▸ **Material provided**
* * * * *

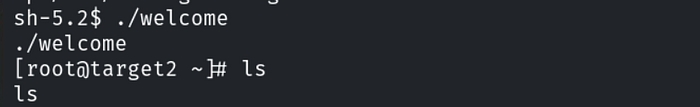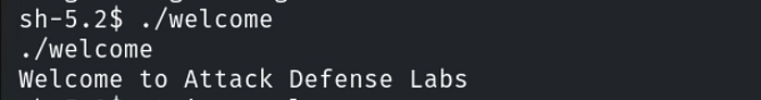 Let’s check the permissions of these two binaries. We don’t have permission to execute the ‘greetings’ binary, but we are able to execute the ‘welcome’ binary.
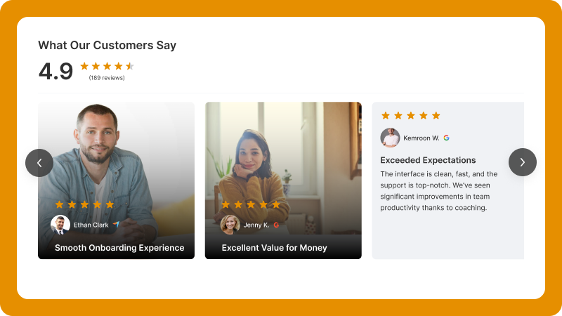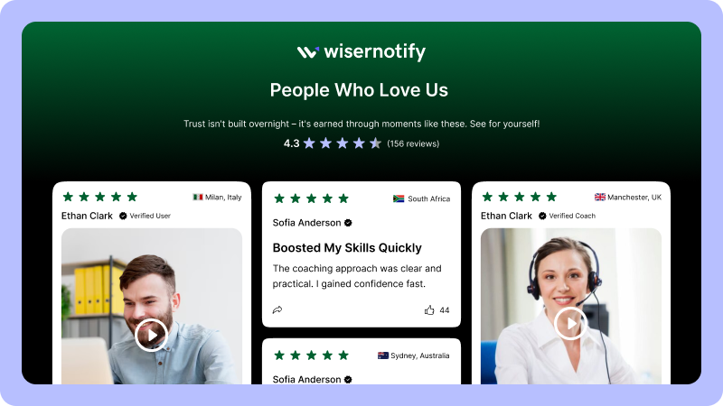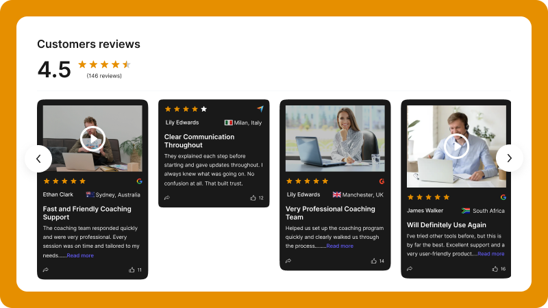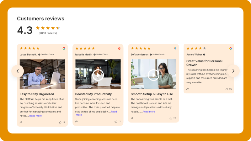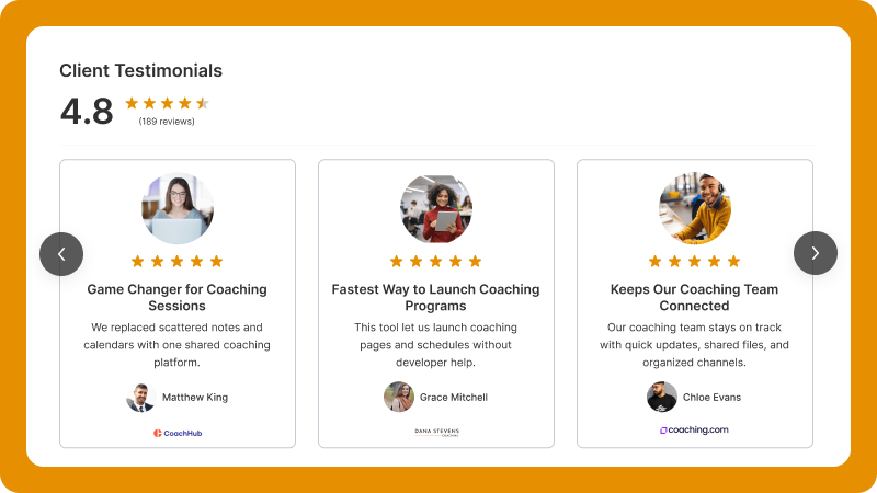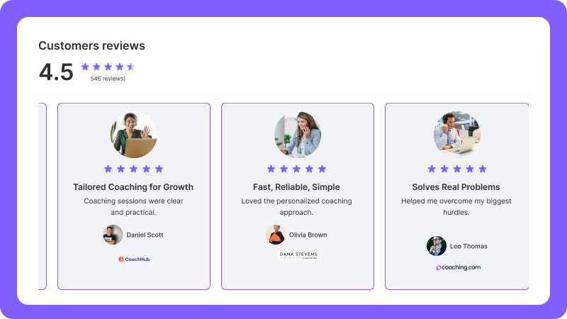 Build trust at every level of your coaching journey with results-driven testimonials.
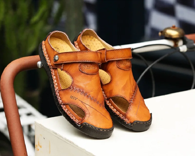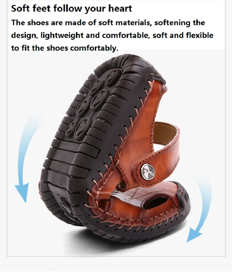 Классические летние мужские сандалии; Мягкая дышащая обувь из натур...
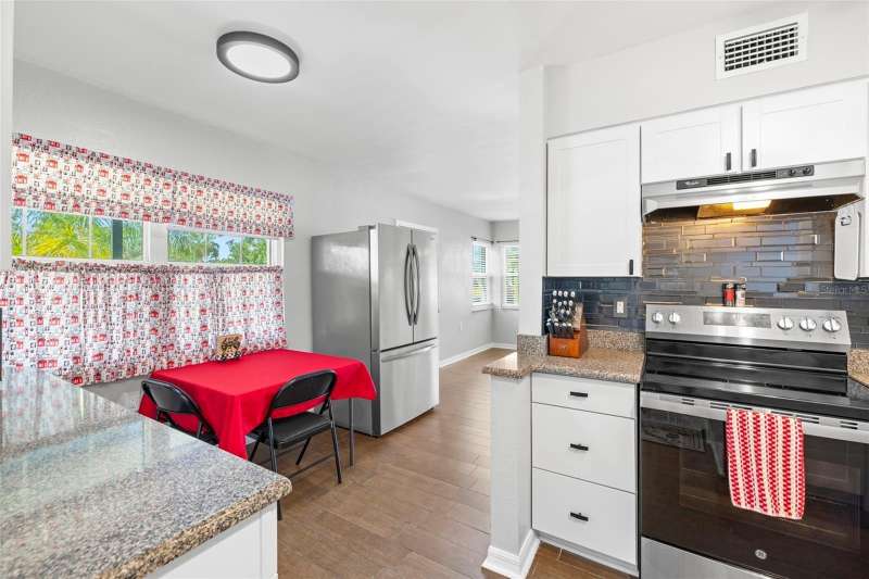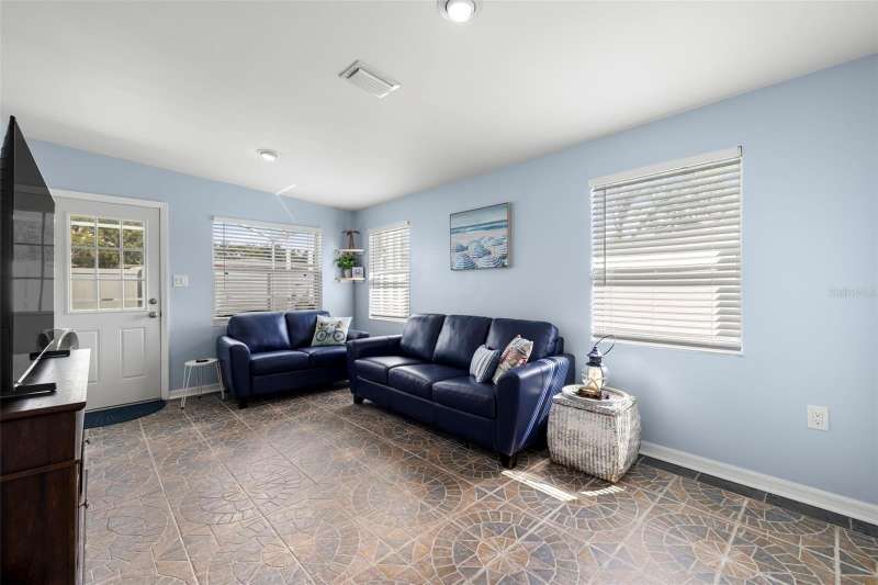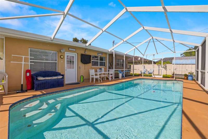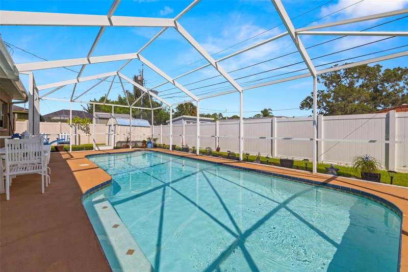 Welcome to this beautifully updated single-family pool home in the desirable Baywood Shores community, offering over 1,400 sq. ft. of thoughtfully designed living space. With a versatile 2-bedroom, 2-bath floor plan, this home combines modern updates with timeless charm, all just steps from the Dunedin Causeway and Pinellas Trail. Inside, you’ll find hard-surface flooring throughout (no carpet) and freshly painted interiors in serene tones. The kitchen shines with new 2025 stainless steel appliances, white shaker-style cabinets (refaced uppers with all-new lower cabinets), stone countertops, and a sleek grey glass tile backsplash. Extra counter space with shelving add both function and style. The flexible bonus space includes built-ins, making it ideal for an office or cozy sitting area. Both bedrooms feature new ceiling fans, while the secondary bedroom boasts new vinyl plank flooring. The bathrooms have been fully updated with new cabinetry, tilework, fixtures, and toilets-one with a tub/shower combo and one with a glass-enclosed shower. An inside laundry room with new 2025 washer, gas dryer, and storage cabinets adds everyday convenience. Step outside to your screened lanai, where all-new 2025 screens surround the sparkling pool and concrete deck. The private yard is fully enclosed with white vinyl fencing, creating the perfect retreat for relaxation or entertaining. This home comes with peace of mind thanks to extensive updates: new roof (2024), double-pane front windows (2023), hurricane-grade exterior doors (2025), new A/C (2025), upgraded main electrical panel and wiring (2025), and more. Location, Location, Location! Baywood Shores is one of Dunedin’s most coveted neighborhoods, known for its blend of charming cottages and custom waterfront estates. You’re just steps from the Dunedin Causeway, where you can enjoy kayaking, paddleboarding, or catching a sunset on the Gulf. The Pinellas Trail runs nearby, offering miles of scenic biking and walking paths. The Donald Ross designed Dunedin Golf Club sits across the street, while Honeymoon Island State Park and Caladesi Island—a top-ranked beach in the U.S.—are just minutes away. Downtown Dunedin is a quick golf cart ride or Jolly Trolley trip, where you’ll find boutique shops, award-winning breweries, waterfront dining, art festivals, and a vibrant year-round event calendar that makes Dunedin one of Florida’s most sought-after small towns. Don’t miss your chance to own this move-in ready Dunedin gem, where modern updates, a private pool, and an unbeatable location come together to create the perfect Florida lifestyle.
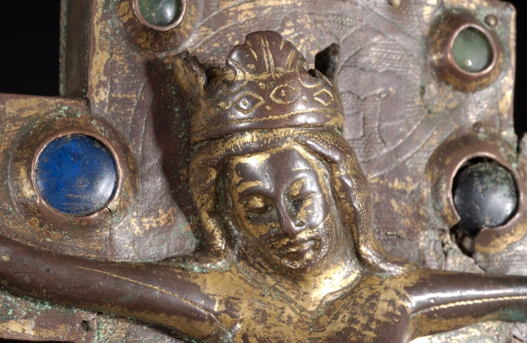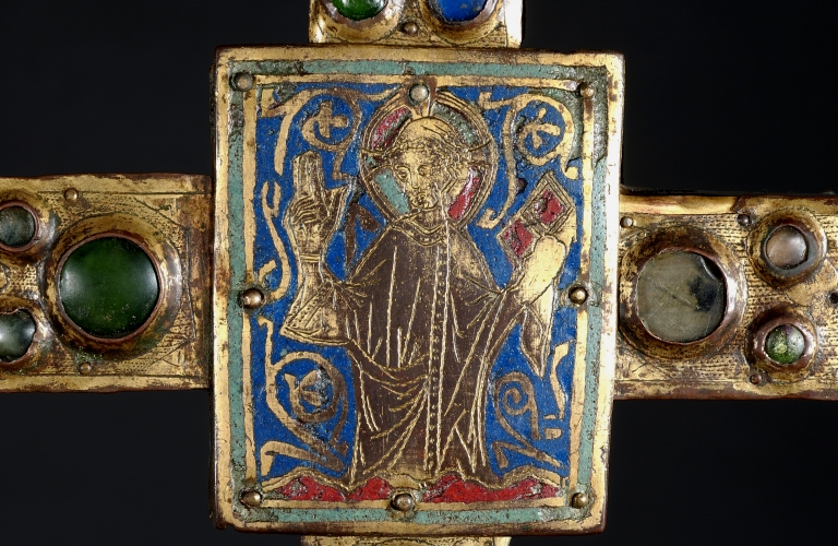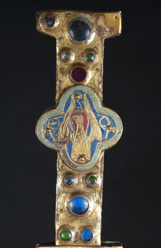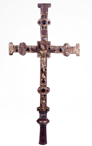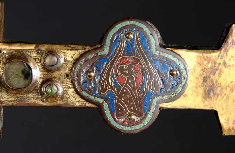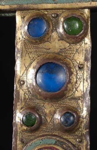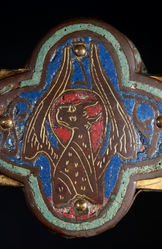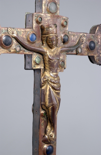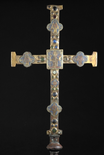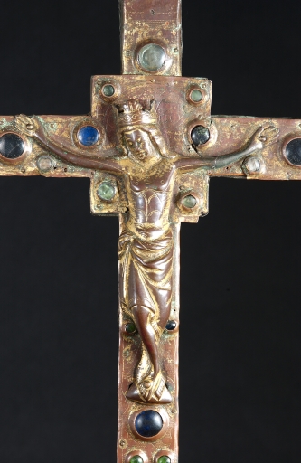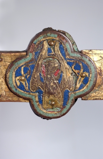 A la différence de la plupart des croix du limousin, la croix elle-même n´est pas ici en cuivre fondu mais en bois recouvert de plaques de cuivre gravées et dorées. Le décor est essentiellement obtenu à l´aide de cabochons de pâte de verre bleus et verts alternés. Ces pierres factices se détachent sur un fond mati gravé au tremblé et semé de petits motifs losangiques ou quadrilobés. La dorure des feuilles de cuivre, aujourd´hui très altérée sur la face antérieure de la croix devait contribuer pour beaucoup à l´effet de richesse de l´objet. Sur la face postérieure, les plaques émaillées selon la technique du champlevé présentent une gamme chromatique réduite : bleu intense de lapis lazuli pour les fonds, turquoise pour les bordures et rouge rubis pour les auréoles, les nuées et les attributs, gamme tout à fait caractéristique des dernières décennies du XIIIe siècle. Le parti de figures réservées en métal et non émaillées se détachant sur un fond de couleur est également typique de cette époque, de même que les rinceaux un peu raides également traités en réserve. La gravure des figures du tetramorphe et du Christ, de grande qualité, associe trois techniques, le trait continu pour les plis et les traits courts, le trait au tremblé pour les contours et le trait au pointillé pour les parties tournantes du dessin. Le Christ en croix est très semblable à celui de la croix d´Argentat, datée de la deuxième moitié du XIIIe siècle ; une reprise en ciselure visible dans les cheveux, la barbe, la couronne et le torse, contribue avec l´ensemble du décor à distinguer cette croix de la production courante de cette époque.
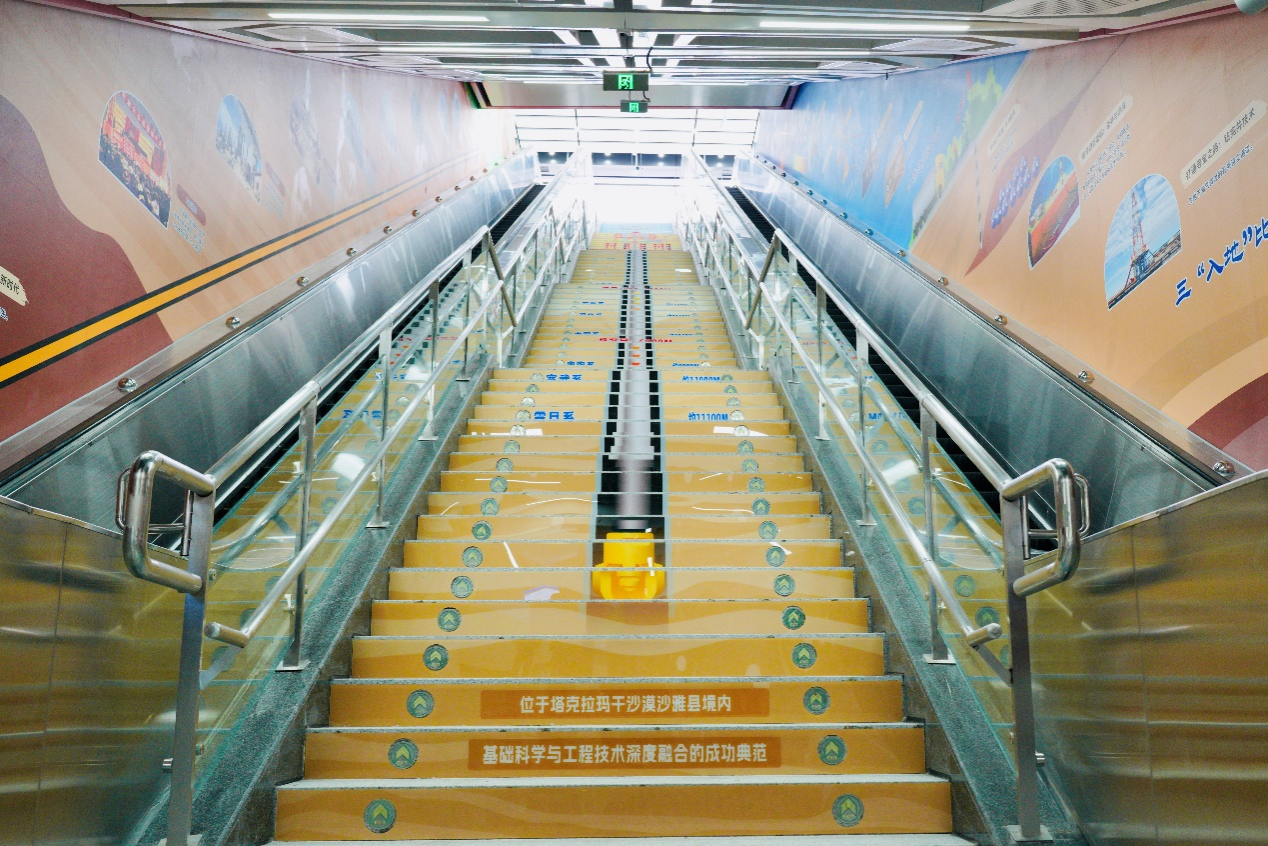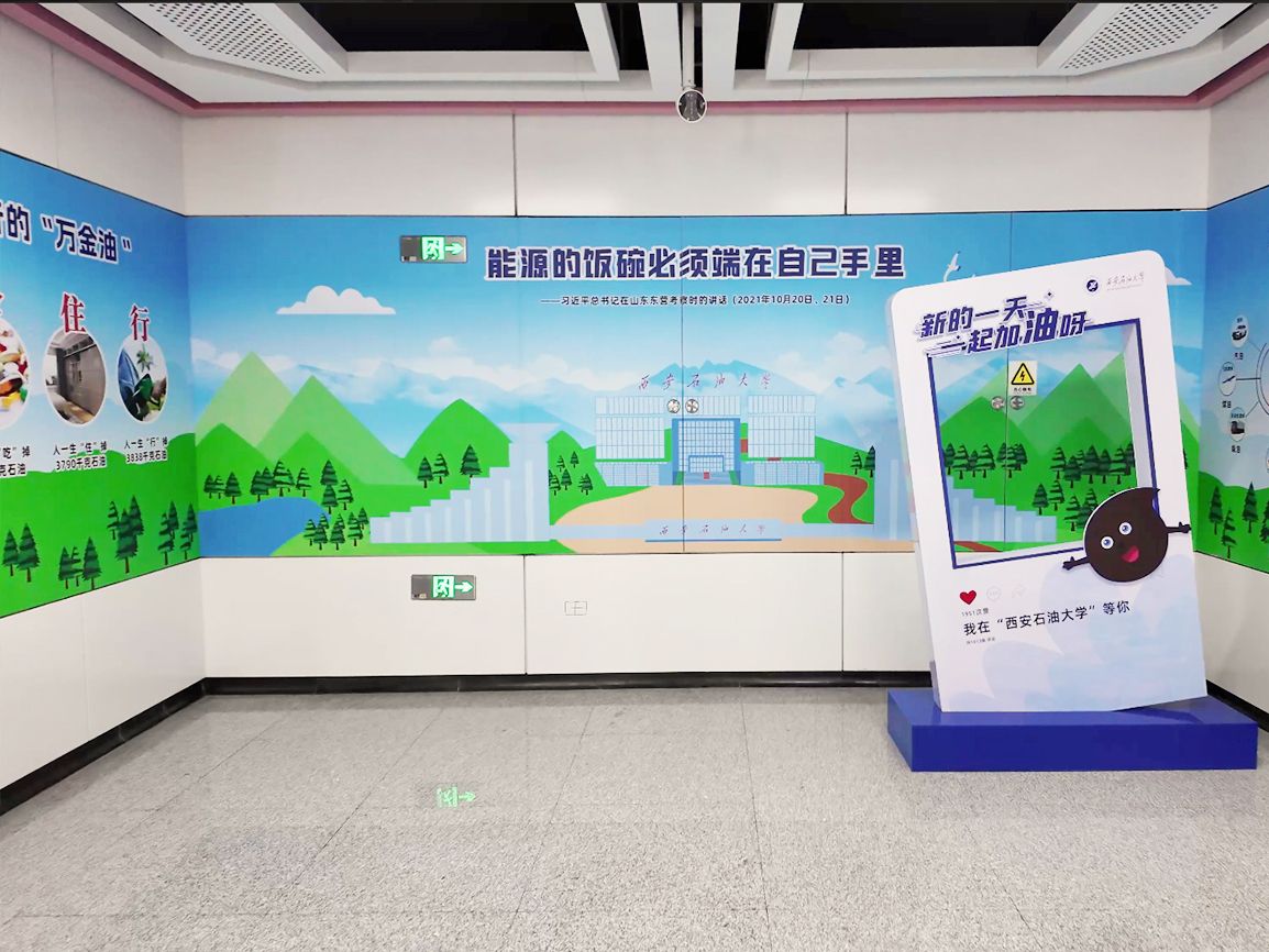 全部布展区域约102米,以模拟地下开采环境为背景,结合进出站行进路线,规划了“七个场景”的布展内容:1号墙“工业血液——中国石油工业的奋进篇章”,依托进站下行扶梯,再现了石油的最早记录和中国石油工业从起步到壮大的辉煌历程,展示了我国在石油技术、装备、合作等领域的新突破;2号墙“石油七十二变”,依托长廊侧面,展示了石油在生产生活中的具体应用场景;3号墙依托出站时映入眼帘的正面墙,展示了习近平总书记关于国家能源安全的重要论述,同时融入beat365官网鄠邑校区经典元素剪影(北大门、图书馆、终南山);4号墙“衣食住行的万金油”,依托进站下楼时首先映入眼帘的正面墙体,以趣味数字量化人们在生活中使用的石油;在4号墙远端,强调展出了“为祖国加油、为民族争气”和“石油精神办学 铁人精神育人 延安精神铸魂”的理念;5号墙“西石大智慧”是离出站口最近的必经墙体,展示了beat365官网优秀科研成果服务国家重大应用场景;6号墙“油气产业链全景探索”,依托出站上行扶梯墙体,对油气产业上中下游进行了全阶段科普展示;最后,利用出站楼梯的侧立面,立体展示了亚洲第一最深直井、我国首口万米科探井(深地塔科一井)的探地效果和地球的年代地层。
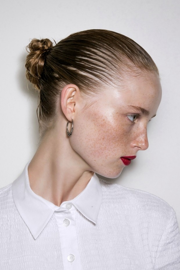 Accueil professionnel des stylistes pour le coiffage des cheveux fins: appliquez un peu de gel coiffant dans la paume de vos mains et écartez vos doigts du bas des cheveux avec les doigts écartés des racines, ce qui permettra aux poils de rester légèrement inégaux et de fixer les cheveux.
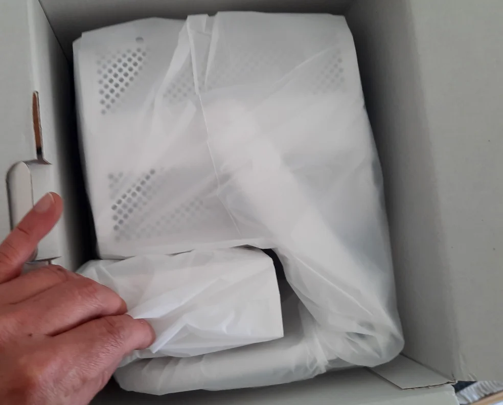 La boîte dans laquelle il est arrivé a tout simplement illuminé ma journée. Base blanche avec une photo saisissante et des éléments graphiques colorés de l'autre côté. Je n'avais tout simplement pas envie d'aller au-delà de la phase habituelle : « faisons-le exploser et voyons ce qu'il y a dedans ». J'ai fait de la place sur la table et j'ai posé la boîte dessus. Il était aussi mon invité, donc du point de vue d'un étranger, il a dû assister à une scène très soignée, alors que j'étais assis devant le paquet non ouvert placé au milieu de la table et, comme un philosophe stoïque, les mains jointes, j'observais la vue et ce qui se déroulait en moi en conséquence. J'ai ressenti de la joie et j'ai réalisé que ce n'étaient que les premiers moments ensemble, ce qui rendait encore plus excitant de voir où cette histoire allait tourner.

* * * * *

▸ **What the task asks**
Return all entries preceding this task exactly as they stand, leaving any picture out.

▸ **Reply**
 Let’s check the permissions of these two binaries. We don’t have permission to execute the ‘greetings’ binary, but we are able to execute the ‘welcome’ binary.
 Build trust at every level of your coaching journey with results-driven testimonials.
 Классические летние мужские сандалии; Мягкая дышащая обувь из натур...
 Welcome to this beautifully updated single-family pool home in the desirable Baywood Shores community, offering over 1,400 sq. ft. of thoughtfully designed living space. With a versatile 2-bedroom, 2-bath floor plan, this home combines modern updates with timeless charm, all just steps from the Dunedin Causeway and Pinellas Trail. Inside, you’ll find hard-surface flooring throughout (no carpet) and freshly painted interiors in serene tones. The kitchen shines with new 2025 stainless steel appliances, white shaker-style cabinets (refaced uppers with all-new lower cabinets), stone countertops, and a sleek grey glass tile backsplash. Extra counter space with shelving add both function and style. The flexible bonus space includes built-ins, making it ideal for an office or cozy sitting area. Both bedrooms feature new ceiling fans, while the secondary bedroom boasts new vinyl plank flooring. The bathrooms have been fully updated with new cabinetry, tilework, fixtures, and toilets-one with a tub/shower combo and one with a glass-enclosed shower. An inside laundry room with new 2025 washer, gas dryer, and storage cabinets adds everyday convenience. Step outside to your screened lanai, where all-new 2025 screens surround the sparkling pool and concrete deck. The private yard is fully enclosed with white vinyl fencing, creating the perfect retreat for relaxation or entertaining. This home comes with peace of mind thanks to extensive updates: new roof (2024), double-pane front windows (2023), hurricane-grade exterior doors (2025), new A/C (2025), upgraded main electrical panel and wiring (2025), and more. Location, Location, Location! Baywood Shores is one of Dunedin’s most coveted neighborhoods, known for its blend of charming cottages and custom waterfront estates. You’re just steps from the Dunedin Causeway, where you can enjoy kayaking, paddleboarding, or catching a sunset on the Gulf. The Pinellas Trail runs nearby, offering miles of scenic biking and walking paths. The Donald Ross designed Dunedin Golf Club sits across the street, while Honeymoon Island State Park and Caladesi Island—a top-ranked beach in the U.S.—are just minutes away. Downtown Dunedin is a quick golf cart ride or Jolly Trolley trip, where you’ll find boutique shops, award-winning breweries, waterfront dining, art festivals, and a vibrant year-round event calendar that makes Dunedin one of Florida’s most sought-after small towns. Don’t miss your chance to own this move-in ready Dunedin gem, where modern updates, a private pool, and an unbeatable location come together to create the perfect Florida lifestyle.
 A la différence de la plupart des croix du limousin, la croix elle-même n´est pas ici en cuivre fondu mais en bois recouvert de plaques de cuivre gravées et dorées. Le décor est essentiellement obtenu à l´aide de cabochons de pâte de verre bleus et verts alternés. Ces pierres factices se détachent sur un fond mati gravé au tremblé et semé de petits motifs losangiques ou quadrilobés. La dorure des feuilles de cuivre, aujourd´hui très altérée sur la face antérieure de la croix devait contribuer pour beaucoup à l´effet de richesse de l´objet. Sur la face postérieure, les plaques émaillées selon la technique du champlevé présentent une gamme chromatique réduite : bleu intense de lapis lazuli pour les fonds, turquoise pour les bordures et rouge rubis pour les auréoles, les nuées et les attributs, gamme tout à fait caractéristique des dernières décennies du XIIIe siècle. Le parti de figures réservées en métal et non émaillées se détachant sur un fond de couleur est également typique de cette époque, de même que les rinceaux un peu raides également traités en réserve. La gravure des figures du tetramorphe et du Christ, de grande qualité, associe trois techniques, le trait continu pour les plis et les traits courts, le trait au tremblé pour les contours et le trait au pointillé pour les parties tournantes du dessin. Le Christ en croix est très semblable à celui de la croix d´Argentat, datée de la deuxième moitié du XIIIe siècle ; une reprise en ciselure visible dans les cheveux, la barbe, la couronne et le torse, contribue avec l´ensemble du décor à distinguer cette croix de la production courante de cette époque.
 全部布展区域约102米,以模拟地下开采环境为背景,结合进出站行进路线,规划了“七个场景”的布展内容:1号墙“工业血液——中国石油工业的奋进篇章”,依托进站下行扶梯,再现了石油的最早记录和中国石油工业从起步到壮大的辉煌历程,展示了我国在石油技术、装备、合作等领域的新突破;2号墙“石油七十二变”,依托长廊侧面,展示了石油在生产生活中的具体应用场景;3号墙依托出站时映入眼帘的正面墙,展示了习近平总书记关于国家能源安全的重要论述,同时融入beat365官网鄠邑校区经典元素剪影(北大门、图书馆、终南山);4号墙“衣食住行的万金油”,依托进站下楼时首先映入眼帘的正面墙体,以趣味数字量化人们在生活中使用的石油;在4号墙远端,强调展出了“为祖国加油、为民族争气”和“石油精神办学 铁人精神育人 延安精神铸魂”的理念;5号墙“西石大智慧”是离出站口最近的必经墙体,展示了beat365官网优秀科研成果服务国家重大应用场景;6号墙“油气产业链全景探索”,依托出站上行扶梯墙体,对油气产业上中下游进行了全阶段科普展示;最后,利用出站楼梯的侧立面,立体展示了亚洲第一最深直井、我国首口万米科探井(深地塔科一井)的探地效果和地球的年代地层。
 Accueil professionnel des stylistes pour le coiffage des cheveux fins: appliquez un peu de gel coiffant dans la paume de vos mains et écartez vos doigts du bas des cheveux avec les doigts écartés des racines, ce qui permettra aux poils de rester légèrement inégaux et de fixer les cheveux.
 La boîte dans laquelle il est arrivé a tout simplement illuminé ma journée. Base blanche avec une photo saisissante et des éléments graphiques colorés de l'autre côté. Je n'avais tout simplement pas envie d'aller au-delà de la phase habituelle : « faisons-le exploser et voyons ce qu'il y a dedans ». J'ai fait de la place sur la table et j'ai posé la boîte dessus. Il était aussi mon invité, donc du point de vue d'un étranger, il a dû assister à une scène très soignée, alors que j'étais assis devant le paquet non ouvert placé au milieu de la table et, comme un philosophe stoïque, les mains jointes, j'observais la vue et ce qui se déroulait en moi en conséquence. J'ai ressenti de la joie et j'ai réalisé que ce n'étaient que les premiers moments ensemble, ce qui rendait encore plus excitant de voir où cette histoire allait tourner.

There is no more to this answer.